- Directions for this task:
Omit the images, then repeat the listing exactly.

- Supplied material:
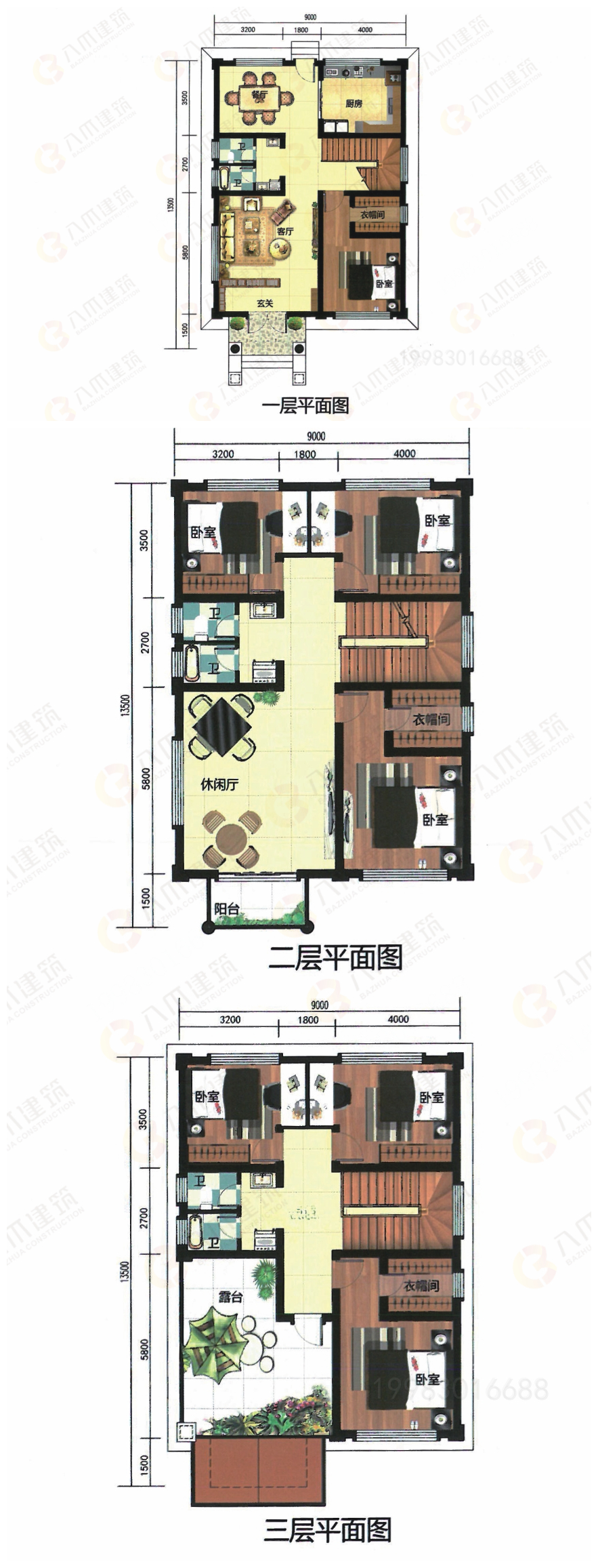 三层:衣帽间、卧室*3、卫生间*2、露台
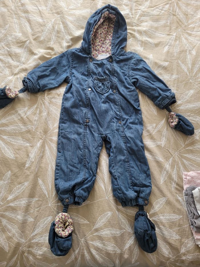 Combinaison en jean doublée tissu fleuri avec chaussons et moufles amovibles Marque verbaudet Taille 2 ans En excellent état
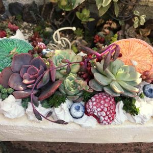 Merry Xmas🎅 出来立ての多肉のXmasケーキ🎂 美味しそうでしょ⁉️ 素敵なケーキの器は茶々ちゃんから届きました(^^)💕 ありがとう❤️ セダムガーデンに置いたら凄〜く大きく見えるわ⤴️⤴️💕 遊びにいらした方は端からガブリと召し上がってねぇ(^^)♬💕❤️⤴️ 素敵なXmas🎅を〜(^^)♬💕❤️

- Written response:
 三层:衣帽间、卧室*3、卫生间*2、露台
 Combinaison en jean doublée tissu fleuri avec chaussons et moufles amovibles Marque verbaudet Taille 2 ans En excellent état
 Merry Xmas🎅 出来立ての多肉のXmasケーキ🎂 美味しそうでしょ⁉️ 素敵なケーキの器は茶々ちゃんから届きました(^^)💕 ありがとう❤️ セダムガーデンに置いたら凄〜く大きく見えるわ⤴️⤴️💕 遊びにいらした方は端からガブリと召し上がってねぇ(^^)♬💕❤️⤴️ 素敵なXmas🎅を〜(^^)♬💕❤️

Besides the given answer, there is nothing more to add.